On Designing Energy-Efficient Heterogeneous Cloud Radio Access Networks

Abstract

Heterogeneous cloud radio access network (H-CRAN) promises higher energy efficiency (EE) than the conventional cellular networks by centralizing the baseband signal processing into the baseband unit (BBU) pool hosted by cloud computing platforms. Because of the difference between H-CRAN and conventional cellular networks, existing energy-efficient networking mechanisms designed for conventional cellular networks cannot fully leverage H-CRAN in terms of reducing the network energy consumption. In this paper, we bridge this gap by proposing a radio resource management scheme to optimize the network EE (NEE) of H-CRAN. We develop a network energy consumption model that characterizes the energy consumption of radio access points, fronthaul, and the BBU pool in H-CRAN. Based on the network energy consumption model, we formulate the NEE optimization problem with the consideration of the capacity constrained fronthaul.
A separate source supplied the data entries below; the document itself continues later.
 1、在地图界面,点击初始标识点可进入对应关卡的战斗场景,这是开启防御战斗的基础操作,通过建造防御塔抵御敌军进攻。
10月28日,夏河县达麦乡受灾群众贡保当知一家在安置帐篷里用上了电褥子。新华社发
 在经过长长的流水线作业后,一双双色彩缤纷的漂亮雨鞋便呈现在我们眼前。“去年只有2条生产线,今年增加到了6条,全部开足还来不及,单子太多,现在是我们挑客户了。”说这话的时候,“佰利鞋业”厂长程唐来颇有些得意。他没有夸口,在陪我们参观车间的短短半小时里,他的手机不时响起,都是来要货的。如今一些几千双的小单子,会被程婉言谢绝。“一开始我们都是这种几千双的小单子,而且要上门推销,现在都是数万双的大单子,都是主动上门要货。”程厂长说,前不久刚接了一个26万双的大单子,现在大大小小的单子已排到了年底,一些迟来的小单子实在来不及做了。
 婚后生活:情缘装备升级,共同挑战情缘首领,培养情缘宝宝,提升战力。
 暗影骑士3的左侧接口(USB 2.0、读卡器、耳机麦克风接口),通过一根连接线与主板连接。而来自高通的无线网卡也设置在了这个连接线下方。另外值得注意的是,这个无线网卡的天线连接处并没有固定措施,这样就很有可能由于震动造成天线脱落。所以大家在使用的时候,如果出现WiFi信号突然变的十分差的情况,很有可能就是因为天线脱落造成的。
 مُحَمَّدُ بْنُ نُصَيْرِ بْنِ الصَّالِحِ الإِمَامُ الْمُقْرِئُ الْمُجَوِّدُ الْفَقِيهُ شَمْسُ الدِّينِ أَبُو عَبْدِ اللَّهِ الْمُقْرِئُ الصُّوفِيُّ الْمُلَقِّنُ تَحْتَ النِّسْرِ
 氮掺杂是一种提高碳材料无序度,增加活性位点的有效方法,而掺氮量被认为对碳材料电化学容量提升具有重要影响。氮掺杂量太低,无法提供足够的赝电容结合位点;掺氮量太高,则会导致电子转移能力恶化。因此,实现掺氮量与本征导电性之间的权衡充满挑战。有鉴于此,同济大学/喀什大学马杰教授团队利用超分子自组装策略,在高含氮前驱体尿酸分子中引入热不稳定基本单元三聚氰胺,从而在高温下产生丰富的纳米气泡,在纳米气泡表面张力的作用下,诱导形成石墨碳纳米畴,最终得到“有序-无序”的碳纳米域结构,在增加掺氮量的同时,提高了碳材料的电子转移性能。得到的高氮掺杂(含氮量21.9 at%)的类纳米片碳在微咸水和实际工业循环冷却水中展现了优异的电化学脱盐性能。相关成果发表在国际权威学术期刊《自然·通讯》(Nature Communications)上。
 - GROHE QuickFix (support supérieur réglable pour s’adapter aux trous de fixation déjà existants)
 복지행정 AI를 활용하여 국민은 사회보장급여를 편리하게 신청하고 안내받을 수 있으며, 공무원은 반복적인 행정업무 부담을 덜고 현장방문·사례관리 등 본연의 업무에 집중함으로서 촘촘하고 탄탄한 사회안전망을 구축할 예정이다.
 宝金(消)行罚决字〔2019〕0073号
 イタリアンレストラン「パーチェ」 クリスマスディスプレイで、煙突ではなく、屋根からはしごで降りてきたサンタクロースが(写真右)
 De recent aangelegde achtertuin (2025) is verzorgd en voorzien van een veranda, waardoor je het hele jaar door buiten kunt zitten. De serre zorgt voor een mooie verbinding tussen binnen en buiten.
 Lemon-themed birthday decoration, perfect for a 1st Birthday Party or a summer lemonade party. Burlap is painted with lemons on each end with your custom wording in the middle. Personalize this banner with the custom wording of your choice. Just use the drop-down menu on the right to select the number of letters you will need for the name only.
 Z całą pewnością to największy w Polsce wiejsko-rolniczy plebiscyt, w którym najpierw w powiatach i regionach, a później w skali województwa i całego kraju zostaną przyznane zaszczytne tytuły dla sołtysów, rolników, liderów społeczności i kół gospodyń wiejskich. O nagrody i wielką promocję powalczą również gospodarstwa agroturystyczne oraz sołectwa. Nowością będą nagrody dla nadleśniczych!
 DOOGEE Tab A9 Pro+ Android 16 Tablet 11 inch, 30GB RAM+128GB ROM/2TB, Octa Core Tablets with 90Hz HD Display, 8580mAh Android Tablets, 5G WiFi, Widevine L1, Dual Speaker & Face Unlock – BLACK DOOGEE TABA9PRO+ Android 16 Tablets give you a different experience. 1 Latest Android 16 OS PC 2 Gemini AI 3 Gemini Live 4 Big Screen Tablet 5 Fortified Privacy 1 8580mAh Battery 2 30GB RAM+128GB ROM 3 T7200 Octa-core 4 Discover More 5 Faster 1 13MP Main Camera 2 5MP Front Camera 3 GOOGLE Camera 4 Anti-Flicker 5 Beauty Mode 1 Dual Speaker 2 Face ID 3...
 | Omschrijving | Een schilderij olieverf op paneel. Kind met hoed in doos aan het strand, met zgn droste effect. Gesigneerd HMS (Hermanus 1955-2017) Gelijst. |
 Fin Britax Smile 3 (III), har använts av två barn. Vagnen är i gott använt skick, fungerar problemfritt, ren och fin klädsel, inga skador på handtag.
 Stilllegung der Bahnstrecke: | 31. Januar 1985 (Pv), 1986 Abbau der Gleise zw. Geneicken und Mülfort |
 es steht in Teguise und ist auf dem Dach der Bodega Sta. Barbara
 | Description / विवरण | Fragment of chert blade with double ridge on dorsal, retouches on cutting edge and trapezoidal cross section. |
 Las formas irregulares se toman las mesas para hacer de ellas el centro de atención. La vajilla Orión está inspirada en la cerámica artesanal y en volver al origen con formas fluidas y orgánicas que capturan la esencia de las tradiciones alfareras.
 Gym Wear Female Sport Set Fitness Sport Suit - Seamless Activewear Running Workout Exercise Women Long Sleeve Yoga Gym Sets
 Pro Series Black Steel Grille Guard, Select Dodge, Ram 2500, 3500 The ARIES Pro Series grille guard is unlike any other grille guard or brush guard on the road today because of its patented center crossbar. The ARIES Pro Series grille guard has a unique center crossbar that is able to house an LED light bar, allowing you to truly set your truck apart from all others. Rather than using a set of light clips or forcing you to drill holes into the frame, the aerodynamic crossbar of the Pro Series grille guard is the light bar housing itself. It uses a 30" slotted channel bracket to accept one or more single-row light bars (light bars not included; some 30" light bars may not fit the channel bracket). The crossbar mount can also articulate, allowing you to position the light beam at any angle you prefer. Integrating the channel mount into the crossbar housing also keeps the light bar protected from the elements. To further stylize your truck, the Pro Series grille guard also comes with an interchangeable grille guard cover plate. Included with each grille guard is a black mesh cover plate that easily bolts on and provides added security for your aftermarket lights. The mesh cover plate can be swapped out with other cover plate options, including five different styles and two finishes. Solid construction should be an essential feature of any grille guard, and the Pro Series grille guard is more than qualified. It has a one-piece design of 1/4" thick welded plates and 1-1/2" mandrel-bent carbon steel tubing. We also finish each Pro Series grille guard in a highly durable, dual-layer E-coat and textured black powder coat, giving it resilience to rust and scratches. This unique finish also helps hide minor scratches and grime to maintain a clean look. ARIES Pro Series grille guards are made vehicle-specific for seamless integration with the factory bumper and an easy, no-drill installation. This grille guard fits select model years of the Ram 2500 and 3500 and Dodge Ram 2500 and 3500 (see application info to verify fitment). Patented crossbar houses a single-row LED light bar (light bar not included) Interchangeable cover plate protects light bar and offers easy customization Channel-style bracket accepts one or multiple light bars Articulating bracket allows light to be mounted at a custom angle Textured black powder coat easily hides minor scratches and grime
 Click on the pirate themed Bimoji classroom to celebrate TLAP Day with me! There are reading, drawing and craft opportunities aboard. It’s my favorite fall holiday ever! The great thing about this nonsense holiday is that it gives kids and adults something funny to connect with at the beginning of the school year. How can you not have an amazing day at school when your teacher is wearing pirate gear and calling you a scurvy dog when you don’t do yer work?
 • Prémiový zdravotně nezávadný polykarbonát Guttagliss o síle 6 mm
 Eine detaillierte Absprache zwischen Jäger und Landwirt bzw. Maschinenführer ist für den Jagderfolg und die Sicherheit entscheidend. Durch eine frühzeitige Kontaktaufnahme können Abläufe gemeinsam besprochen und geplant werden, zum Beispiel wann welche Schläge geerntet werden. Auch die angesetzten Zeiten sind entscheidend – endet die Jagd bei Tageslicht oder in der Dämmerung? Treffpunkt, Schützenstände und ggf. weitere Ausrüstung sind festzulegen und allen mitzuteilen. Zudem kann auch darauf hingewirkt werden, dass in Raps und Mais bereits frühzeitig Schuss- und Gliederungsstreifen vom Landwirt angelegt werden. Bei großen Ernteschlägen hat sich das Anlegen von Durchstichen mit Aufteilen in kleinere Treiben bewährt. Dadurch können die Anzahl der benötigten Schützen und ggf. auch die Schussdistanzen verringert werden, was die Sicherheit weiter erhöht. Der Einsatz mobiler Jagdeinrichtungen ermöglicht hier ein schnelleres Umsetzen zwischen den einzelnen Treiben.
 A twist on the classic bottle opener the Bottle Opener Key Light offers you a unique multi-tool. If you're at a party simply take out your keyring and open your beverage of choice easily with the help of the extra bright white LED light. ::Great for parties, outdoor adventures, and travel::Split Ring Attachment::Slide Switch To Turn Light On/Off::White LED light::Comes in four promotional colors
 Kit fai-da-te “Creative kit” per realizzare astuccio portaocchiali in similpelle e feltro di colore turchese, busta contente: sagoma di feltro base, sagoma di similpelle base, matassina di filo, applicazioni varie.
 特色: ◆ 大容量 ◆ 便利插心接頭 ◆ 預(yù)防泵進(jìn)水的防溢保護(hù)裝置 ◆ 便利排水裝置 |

The NEE optimization problem is a mixed integer non-linear programming problem. We propose the H-CRAN energy-efficient radio resource management (HERM) algorithm to solve the NEE optimization problem efficiently. Various properties of the proposed solution are derived and extensive simulations are conducted. The simulation results show that the HERM algorithm significantly improves the NEE of H-CRAN. As compared with a baseline algorithm in which the radio resource management is not optimized, HERM boosts the NEE by 59% under the dynamic network traffic. As compared to an energy-efficient radio resource allocation (ERA) algorithm which does not optimize the energy consumption of the BBU pool, the NEE of H-CRAN achieved by the HERM algorithm is up to 51% better than that by the ERA algorithm with network traffic dynamics.